Output, exactly as written, the lines below from the one that has "SHELF LOT OF" through the one that has "Will Work Out」付箋が含まれています。"; nothing else, and no pictures.

===== Data to examine =====

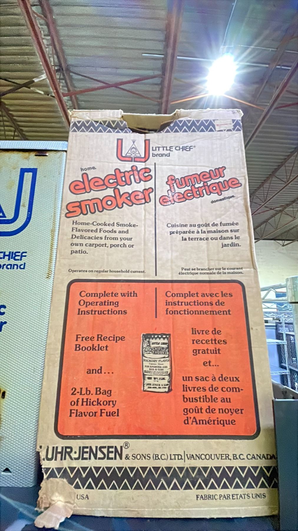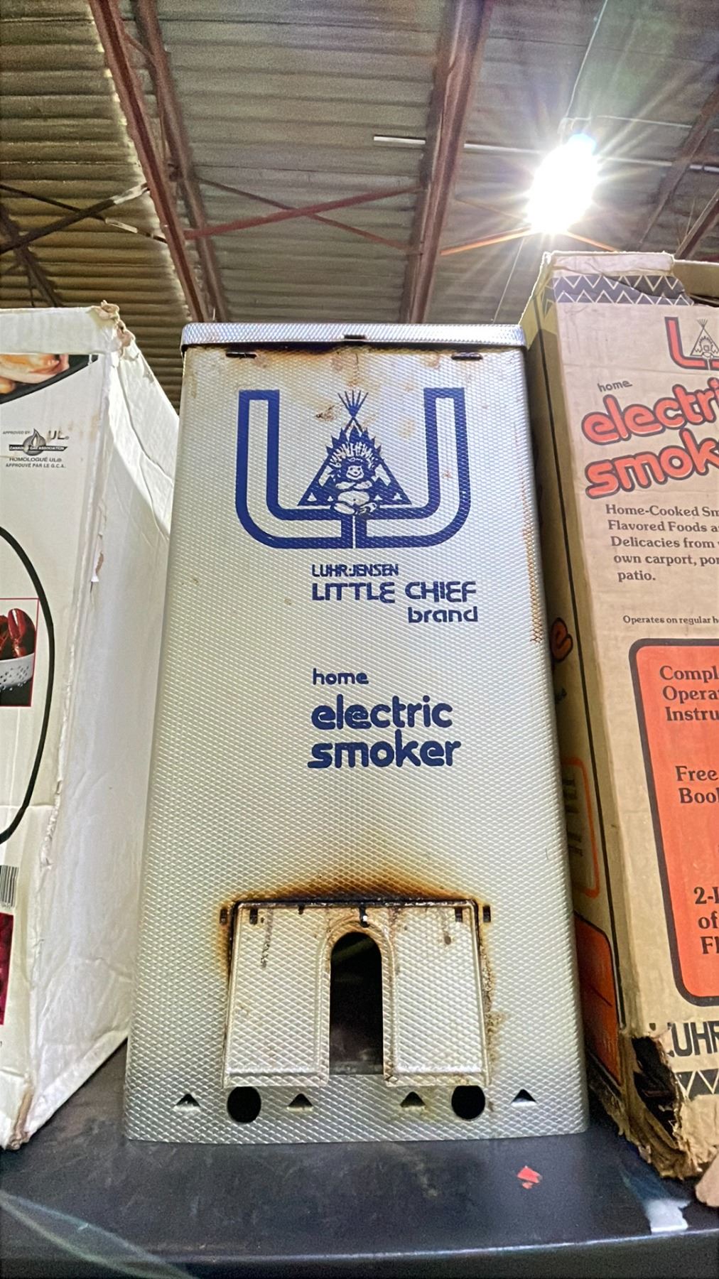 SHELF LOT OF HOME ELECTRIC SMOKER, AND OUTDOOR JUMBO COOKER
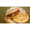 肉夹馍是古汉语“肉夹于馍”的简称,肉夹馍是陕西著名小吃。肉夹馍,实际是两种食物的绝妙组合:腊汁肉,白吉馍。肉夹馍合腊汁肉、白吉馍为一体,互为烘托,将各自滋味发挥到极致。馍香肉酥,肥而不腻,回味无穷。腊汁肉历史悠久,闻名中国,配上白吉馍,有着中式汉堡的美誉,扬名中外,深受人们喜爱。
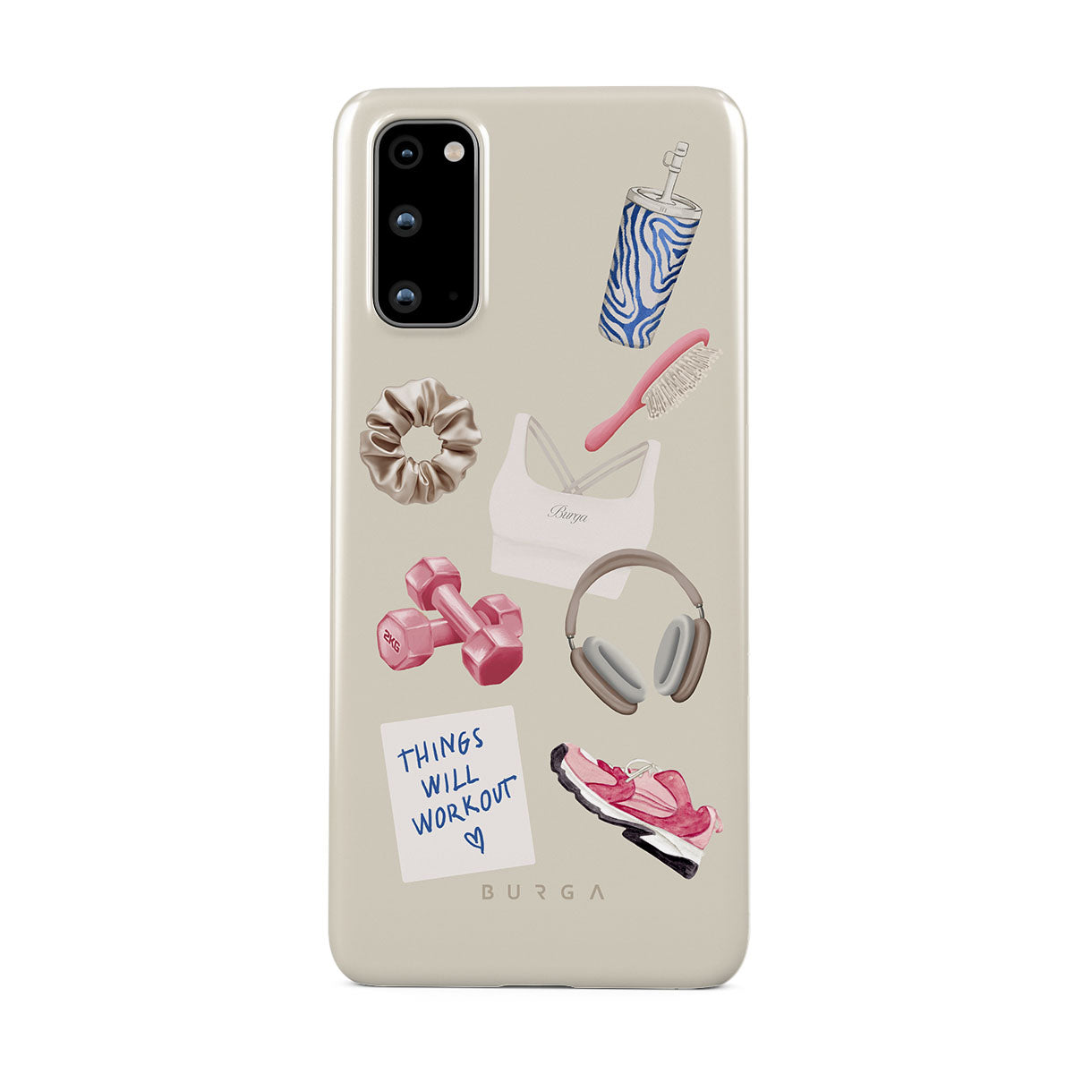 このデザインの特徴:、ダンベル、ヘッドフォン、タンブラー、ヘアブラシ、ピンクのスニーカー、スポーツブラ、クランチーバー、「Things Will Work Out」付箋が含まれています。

=====
===== Data to examine =====

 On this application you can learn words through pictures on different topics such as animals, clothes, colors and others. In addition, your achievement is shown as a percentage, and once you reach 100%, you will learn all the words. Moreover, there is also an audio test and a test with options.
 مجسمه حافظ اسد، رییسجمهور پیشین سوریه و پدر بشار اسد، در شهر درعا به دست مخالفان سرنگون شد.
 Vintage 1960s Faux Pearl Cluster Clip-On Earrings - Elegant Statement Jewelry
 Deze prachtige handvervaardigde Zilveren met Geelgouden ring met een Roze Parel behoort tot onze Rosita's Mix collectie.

=====

▶ _Result_
 SHELF LOT OF HOME ELECTRIC SMOKER, AND OUTDOOR JUMBO COOKER
 肉夹馍是古汉语“肉夹于馍”的简称,肉夹馍是陕西著名小吃。肉夹馍,实际是两种食物的绝妙组合:腊汁肉,白吉馍。肉夹馍合腊汁肉、白吉馍为一体,互为烘托,将各自滋味发挥到极致。馍香肉酥,肥而不腻,回味无穷。腊汁肉历史悠久,闻名中国,配上白吉馍,有着中式汉堡的美誉,扬名中外,深受人们喜爱。
 このデザインの特徴:、ダンベル、ヘッドフォン、タンブラー、ヘアブラシ、ピンクのスニーカー、スポーツブラ、クランチーバー、「Things Will Work Out」付箋が含まれています。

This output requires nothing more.